# Digging up old threads



## userslon (Jan 29, 2013)

Why is it so bad? Maybe I am trying to re-incarnate them and make it beautiful with new inputs... maybe it's what I'm all about...I think it's a natural thing like the style of clothes that re-appear in the 2013. Why does it bother people when it happens?


----------



## aphinion (Apr 30, 2013)

I'm sure its fine in a lot of people's minds, but opinions can change over a period of time. A post that was relevant in 2009 can easily become useless as people change their minds and/or new information is uncovered. Unless the post was really important, it should probably be let to die, like all living things. And if its important enough, its probably sticky-fied anyway.


----------



## Slider (Nov 17, 2009)

Fuck.

It's irritating.

2-3 year old topics....come on...

Just create a new thread!


----------



## Fern (Sep 2, 2012)

It really depends on a lot of factors.

If it ended in 2009 and was 2 pages long... it would definitely be obnoxious to bring it back up.

But if it ended, say, a few months ago/2012 and was quite lengthy, including valuable insight that you feel is still quite applicable and worth reading? Yeah, sure, resurrect that bitch from the ashes! :kitteh:


----------



## userslon (Jan 29, 2013)

aphinion said:


> I'm sure its fine in a lot of people's minds, but opinions can change over a period of time.
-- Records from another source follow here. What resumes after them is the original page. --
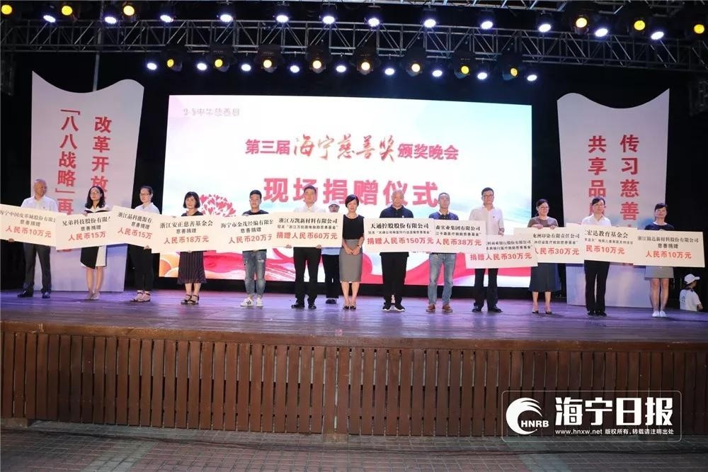 昨天晚上,由海寧市人民政府主辦的第三屆“海寧慈善獎(jiǎng)”頒獎(jiǎng)晚會(huì)在海寧文化館廣場(chǎng)盛大舉行,19個(gè)“捐贈(zèng)企業(yè)獎(jiǎng)”、10名“慈善之星”、10個(gè)“慈善組織獎(jiǎng)”、10個(gè)“慈善項(xiàng)目獎(jiǎng)”受到了表彰。本集團(tuán)獲得了“捐贈(zèng)企業(yè)獎(jiǎng)”榮譽(yù)稱號(hào)。評(píng)選委員會(huì)給予“捐贈(zèng)企業(yè)獎(jiǎng)”的頒獎(jiǎng)詞是:“如果說(shuō)企業(yè)家身上要流淌著道德的血液,那么,企業(yè)就是社會(huì)責(zé)任的承擔(dān)者和社會(huì)良心的守望者。在海寧,有一大批企業(yè),如萬(wàn)川歸海,用創(chuàng)新涌起經(jīng)濟(jì)的浪潮,用慈善重寫財(cái)富的價(jià)值?!?/span>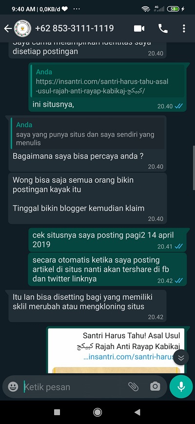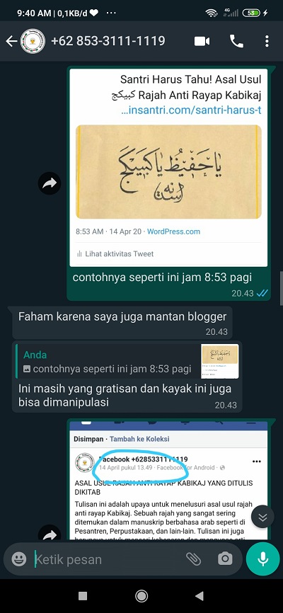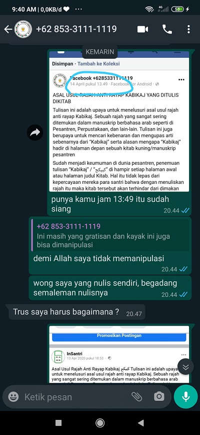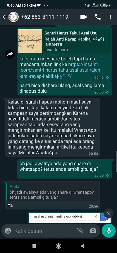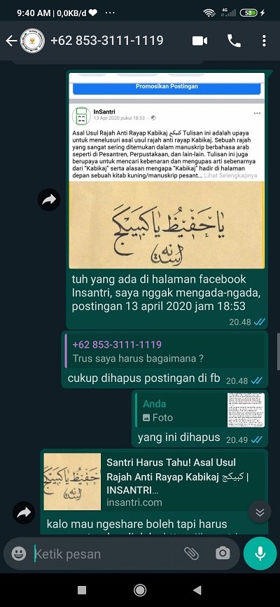 SA: ”tuh yang ada di halaman facebook Insantri. Saya nggak mengada-ada postingan 13 april 2020 jam 18:53” chat saya yang agak ketinggalan, saya tidak tahu kenapa bisa jadi lebih awal tanggalnya di halaman fb saya, mungkin karena malamnya saya ngepost dulu lalu saya edit kemudian di pagi hari (14 april 2020). Jawabannya saya yaitu “cukup dihapus postingan fb”. “yang ini dihapus” saya menandai halaman Fb beliau. “kalo mau ngeshare boleh tapi harus mencantumkan link ke https://insantri.com/santri-harus-tahu-asal-usul-rajah-anti-rayap-kabikaj-%d9%83%d8%a8%d9%8a%d9%83%d8%ac/”. “nanti bisa dishare ulang, asal yang lama dihapus dulu”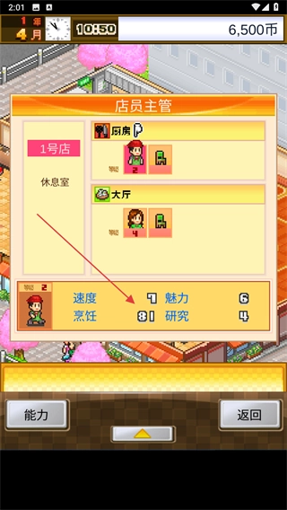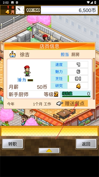点击店员可以通过赠送餐点提升其能力与等级,也可以点击下方的转职按钮为店员转职。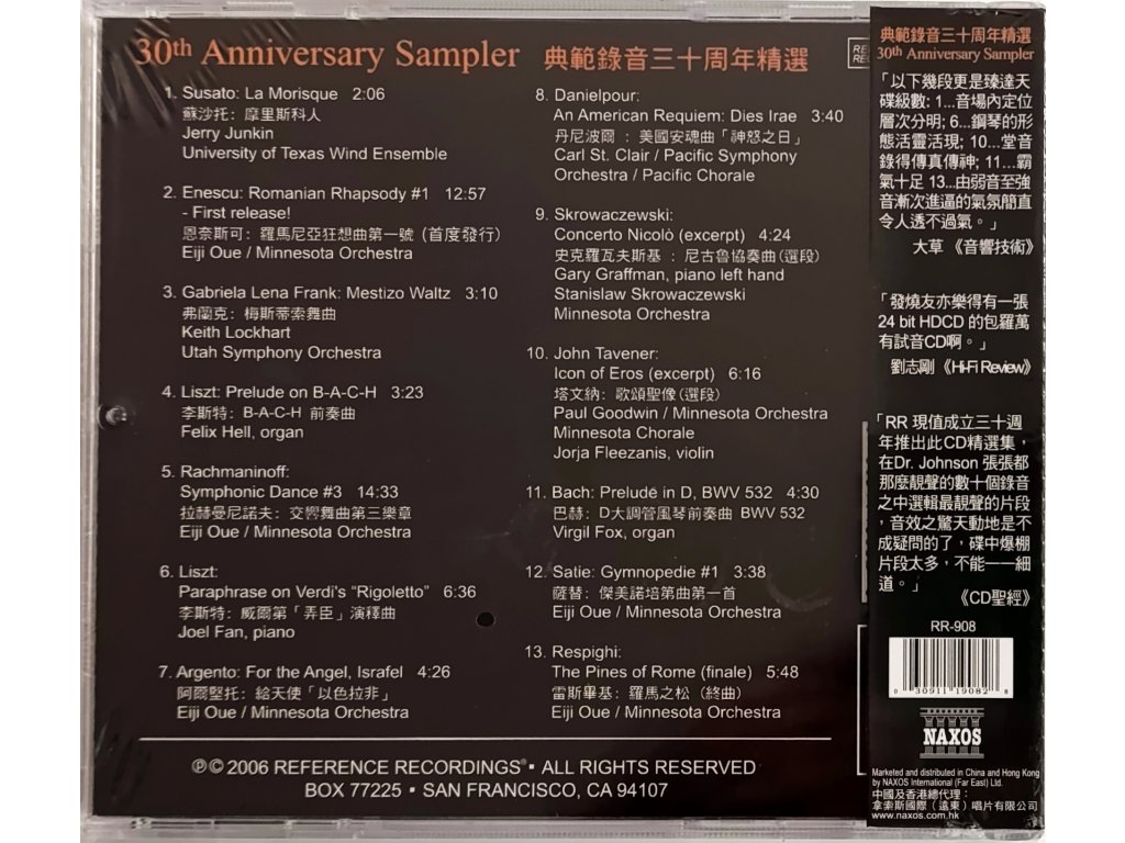 HDCD / 24bitMusicians:Minnesota Orchestra (2,5,7,9,10,12,13)Eiji Oue, conductor (2,5,7,12,13)Paul Goodwin, conductor (10)Stanislav Skrowaczewksi, conductor (9)Utah Symphony (3)Keith Lockhart, conductor (3)Felix Hell, organ (4)Virgil Fox, organ (11)Gary Graffman, piano (9)Joel Fan, piano (6)Pacific Symphony Orchestra & Chorus (8)Carl St. Clair, conductor (8)University of Texas Wind Ensemble (1)Jerry Junkin (1)Jorja Fleezanis, violin (10)Selections:SusatoLa Morisque from the DansyereEnescuRumanian Rhapsody No. 1 (First release)Gabriela Lena FrankMestizo WaltzFranz Liszt (1811-1886)Prelude on B-A-C-HSergey Rachmaninov (1873-1943)Symphonic Dance No. 3Franz ListParaphrase on Verdi's RigolettoArgentoFor the Angel IsrafelDanielpourAn American Requiem: Dies IraeSkrowaczewskiConcerto Nicolo (excerpt)John Tavener (1944- )Ikon or Eros (excerpt)Johann Sebastian Bach (1685-1750)Prelude in DErik Satie (1866-1925)Gymnopedie No. 1Ottorino Respighi (1879-1936)The Pines of Rome (finale)Doplňkové parametry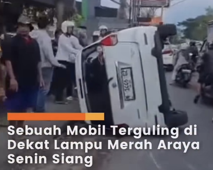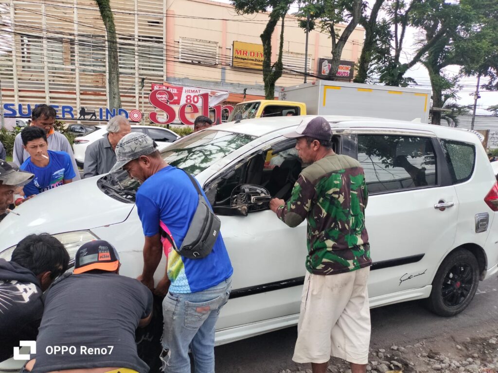 MALANG – Insiden kecelakaan lalu lintas terjadi di kawasan jalan protokol depan Plaza Araya, Kota Malang, pada Selasa (22/12/2025). Sebuah mobil Suzuki Ertiga berwarna putih mengalami kerusakan parah hingga terguling ke kiri setelah terlibat kontak dengan kendaraan lain di jalur menuju arah Surabaya.

A post that was relevant in 2009 can easily become useless as people change their minds and/or new information is uncovered. Unless the post was really important, it should probably be let to die, like all living things. And if its important enough, its probably sticky-fied anyway.


What about if I am a hypothetical user who likes to use the "search" feature and gets the old thread results. Does that person have to be quiet about their opinions? What is the norm around here? Can this be classified as "late-thread-discovery" oppression?


----------



## userslon (Jan 29, 2013)

Slider said:


> Fuck.
> 
> It's irritating.
> 
> ...


What should the consequences of such actions be? Can we separate it by how old the thread is?
Say 1 year old - slap on the hands
2 year old - temporary exclusion and loss of privilages
3 years or more - solitary confinement.....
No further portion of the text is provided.